Гелгоев Ислан Кюриевич. Он преподавал историю в 19-й грозненской школе. А еще он был одним из самых любимых народных певцов Чечни. Его голос, часто звучавший по радио, знали все в республике. На своих уроках истории он много рассказывал детям о России, о многонациональном разноголосье нашей страны… Однажды прямо на уроке ему сказали, что какие-то мужчины срочно хотят его видеть. Ничего не подозревая, Ислан вышел во двор, поздоровался с группой мужчин. В ответ раздалась автоматная очередь. Было это в конце учебного года семь лет назад.
Сатина Евгения Павловна. Она была директором Алханкалинской средней школы. Когда к селу подошли наши войска, она вместе с главой администрации отправилась к русскому командиру и молила о пощаде: не надо село бомбить, мы, мол, сами с бандитами справимся, своими силами. Командир дал слово не бомбить и сдержал его. За это “предательство” в январе 2000 года ворвавшаяся в село банда Бараева расстреляла и учительницу, и главу администрации в их собственных домах. После этого все учителя Алханкалинской школы ушли из села.
Гладченко Галина Тимофеевна. Она была учителем начальных классов в 10-й грозненской школе. Ее любили и коллеги, и родители. Потому что у нее был какой-то особенный подход к маленьким детям. Она словно знала секреты детской души… Когда закончилась первая чеченская война, она решила проведать своего сына, который был военным и служил в Ставрополе. Но по дороге, в Чечне, их автобус остановили бандиты. Всех вывели из автобусов и, не щадя ни стариков, ни женщин, зверски расстреляли.
Торский Анатолий. К сожалению, учителя, рассказавшие о нем, не могли вспомнить его отчества, потому что был он совсем молодым человеком. Он преподавал физкультуру, был тренером спортивной школы. Анатолий был кумиром мальчишек, еще бы, чемпион России в беге на 100 метров… Погиб Анатолий нелепо. Попал в перестрелку между нашими солдатами и чеченскими бандитами. Поди знай, чья пуля лишила этого молодого человека жизни.
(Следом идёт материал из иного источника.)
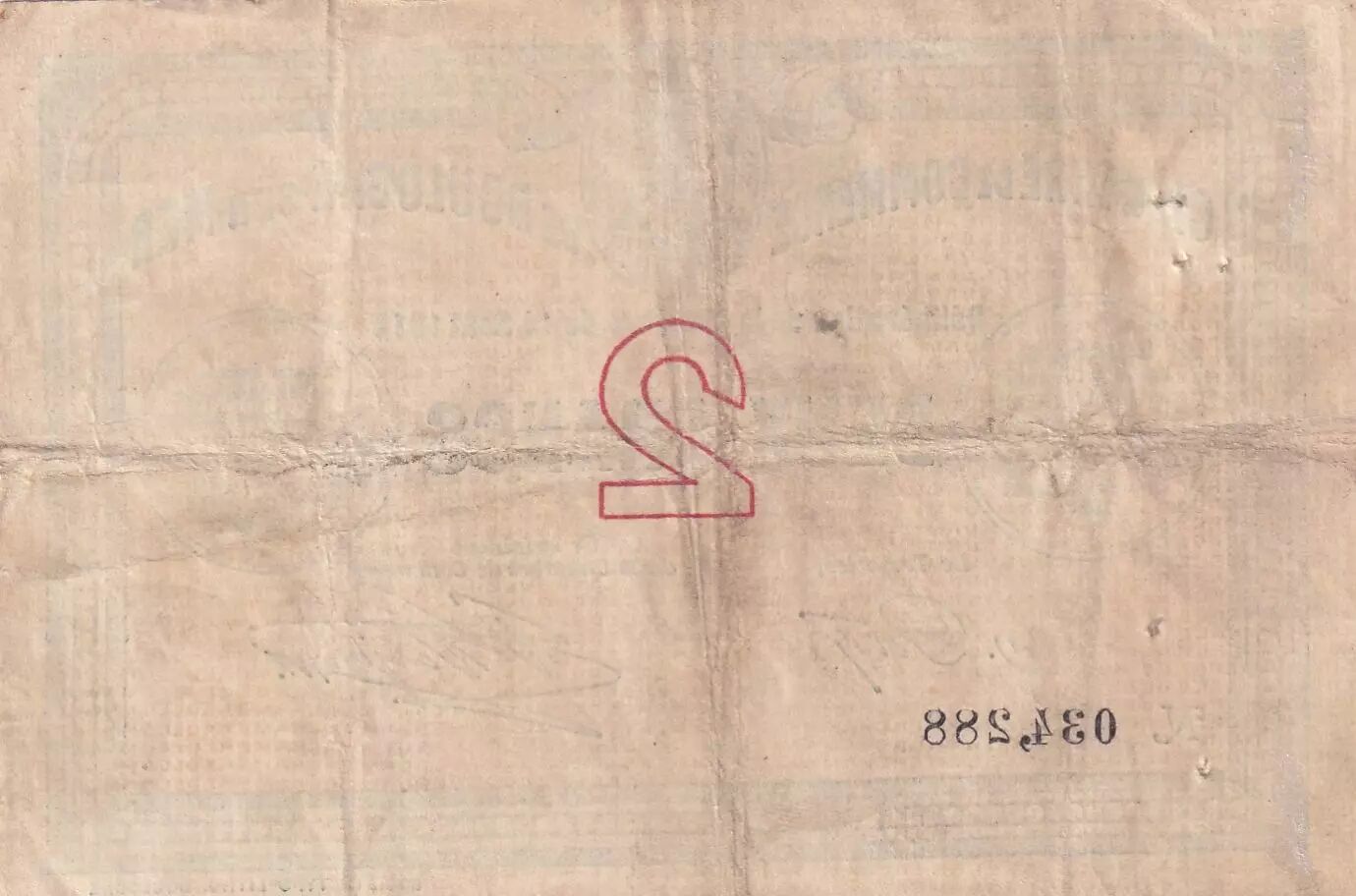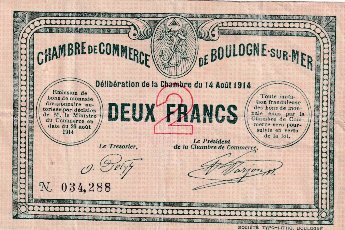 This French banknote was issued by the Chamber of Commerce of Boulogne-sur-Mer. Dated August 14, 1914, it represents a nominal value of two francs.

Пряничкина Алла Петровна. Она была учителем математики в 19-й грозненской школе. Однажды, как всегда, спешила утром на работу и решила сократить путь – пошла по дороге между двумя разрушенными домами. И наступила на мину-растяжку. Погибла на месте. А дома осталась парализованная мать. Что с ней стало?..
Вот и закончена четвертая скорбная страница Книги памяти, которую наша газета ведет уже несколько месяцев и которая посвящена погибшим в Чечне учителям.
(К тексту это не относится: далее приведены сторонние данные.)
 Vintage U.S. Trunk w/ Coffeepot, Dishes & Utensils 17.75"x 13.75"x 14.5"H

Все, кто следит за этими публикациями, обратили, наверное, внимания на то, что я не называю имен учителей, с которыми беседовал. Это их просьба, которую мы неукоснительно будем выполнять и дальше. Война есть война, и страх есть страх. Это состояние нормальных людей.
Книга памяти – это нелегкий поисковый труд учителей, прошедших через войну в Чечне и оставшихся живыми. Сегодня они живут во всех концах страны. Среди них есть и читатели нашей газеты. Поэтому мы очень надеемся, что они откликнутся, дополнят скорбный список своих друзей, своих коллег, не вернувшихся с войны.
Игорь АФАНАСЬЕВ
Книга памяти
Гелгоев Ислан Кюриевич
Сатина Евгения Павловна
Гладченко Галина Тимофеевна
Торский Анатолий
Пряничкина Алла Петровна
Тавбулатов Ахмад
P.S.
Редакция благодарит Комитет по образованию Волгоградской области и лично Виктора Николаевича Беспалова, Екатерину Ивановну Сташкевич, Наталью Александровну Епихину за помощь в сборе материалов для этой публикации.